Here are my two cents, based on my experience.
There should be very little gain splitting rendering in threads and compositing in practice. I worked with distributed rendering and there were significant challenges, and it was only worth to compose the image from multiple renders with separate objects if the scene was too large to fit in memory or the render process was very slow, like with ray tracing. The speed of downloading a texture to the CPU and sending it again is very slow compared to accessing internal textures in the GPU. Again, I don’t know if you can share contexts between web workers or a web worker and the main thread (a quick search returned nothing, and since offscreen rendering is new I would guess probably not).
I have used overlapping transparent canvas without problem before, but there was no z-buffer involved. Browsers didn’t seem to have a performance problem with that, but with BJS you’d have to sort objects and split them yourself – quite a problem. It could be useful for a HUD, but then it’s probably better to do them with pure HTML or have a webworker handling the HUD in another canvas.
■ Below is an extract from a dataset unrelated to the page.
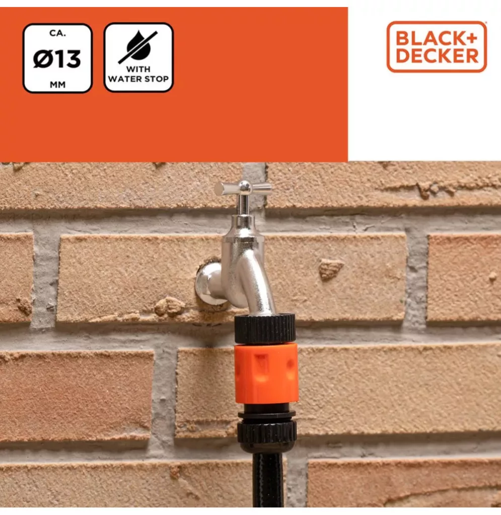 Black & Decker Gyors Tömlőcsatlakozó, Vízstoppos 1/2"

Applications using C/C++/native engines usually have very fast frame render times. It has to be quick, since they often have several passes (check this article to see what Doom does), and when the hardware is too slow to keep up with the game they reduce the effects – adding more render threads wouldn’t help, you’re already GPU bound. And if you’re CPU bound, rendering things faster on the GPU won’t help either.
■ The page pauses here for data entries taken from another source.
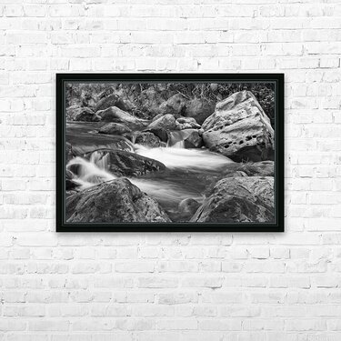 Soft moving water contrasts with the rugged permanence of river stones. This calming monochrome adds serenity and organic balance — perfect for bedr...[+]
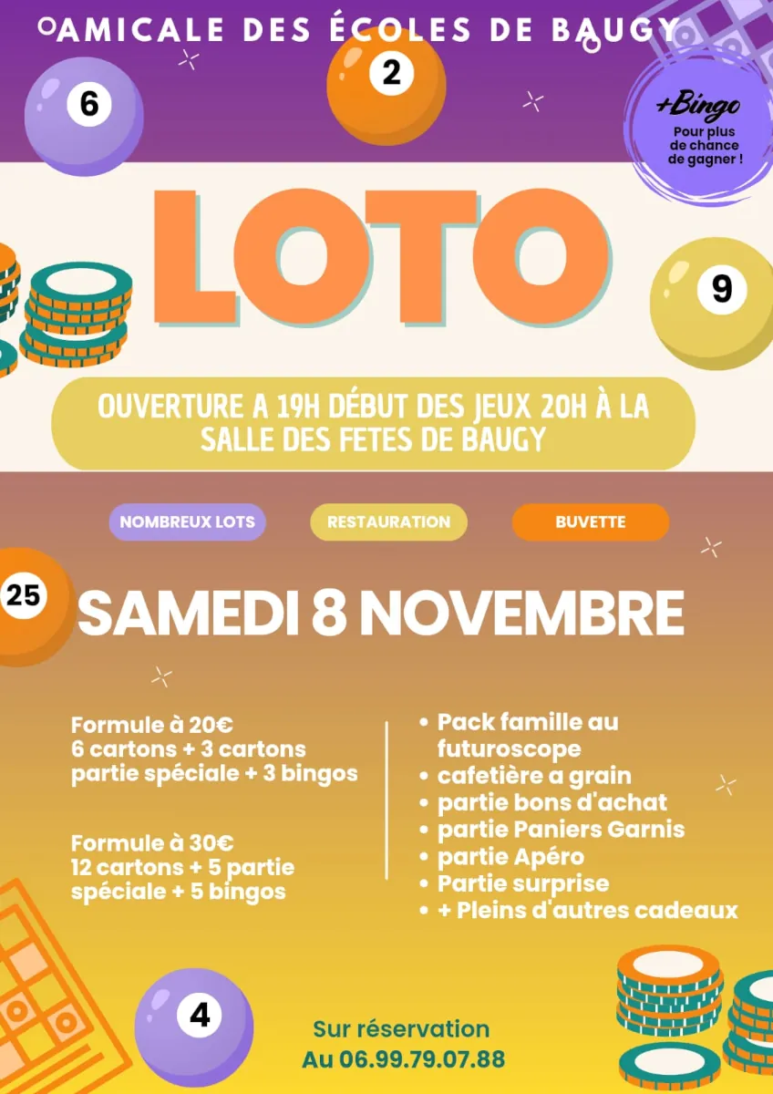 L'Amicale des Écoles de Baugy organise deux lotos, à la salle des fêtes de Baugy :
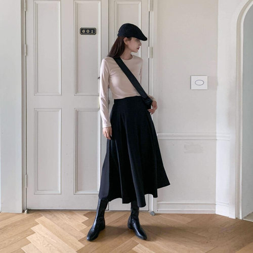 [옷자락]여자 겨울 도톰 코튼 플리츠 배색 밴딩 롱스커트

I haven’t kept up-to-date on what hardware can do to improve GPU render times, but I know there are a few extensions like https://www.khronos.org/registry/OpenGL/extensions/OVR/OVR_multiview.txt or WebGL Deferred Shading - Mozilla Hacks - the Web developer blog. Also, simulation is not my domain, but I know about PhysX/Bullet and other attempts of performing physics in the GPU. Apparently this was already thought of, not sure if it was actually implemented in BJS: Running physics in a webworker
Anything that is CPU bound could potentially perform better with a webworker – particle animations, collision detection, things like that. But webworkers are still a pain to work with and passing data has a lot of restrictions.
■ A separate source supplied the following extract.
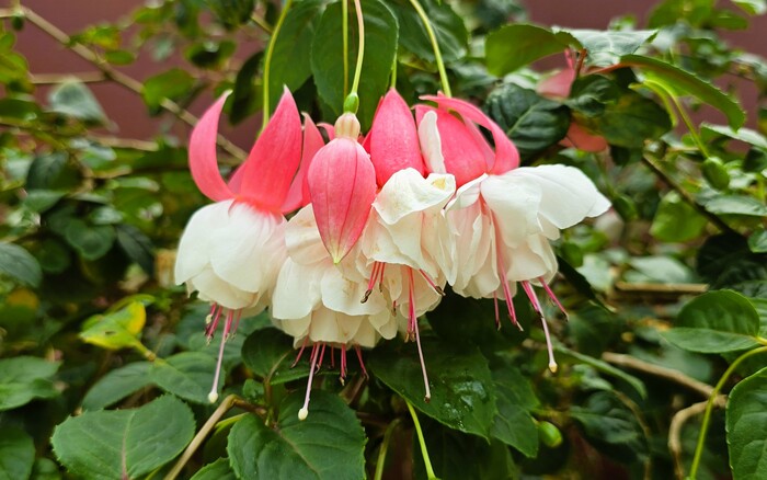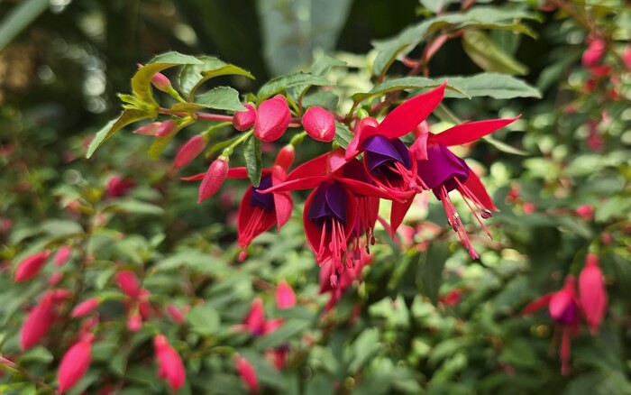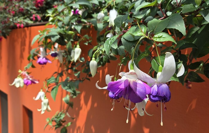 Фуксии везде огромными кустами, очень разнообразные и красивые

SharedArrayBuffer was deprecated and partially un-deprecated. Sending data by reference is somewhat muddy – possible, but could have some significant synchronization challenges and require a double or triple buffer. @aFalcon perhaps could link to the discussion he mentioned.
From my tests the bottleneck in BJS seems to be animating some objects (surprising me, since I imagined it’d be done in the GPU these days always, but apparently not in some cases) and
_evaluateActiveMeshes, which I guess is slow from sending data to the GPU and not actual CPU calculation (any BJS gods could confirm this?). I suppose animation could benefit from moving to a web worker, but it’s probably not trivial since BJS seems to need it to be done before the render phase. The best advantage of using offscreen to me is releasing the main thread, so even if the rendering is slow your browser doesn’t freeze.
I think it boils down to: what are you trying to achieve and what is your bottleneck?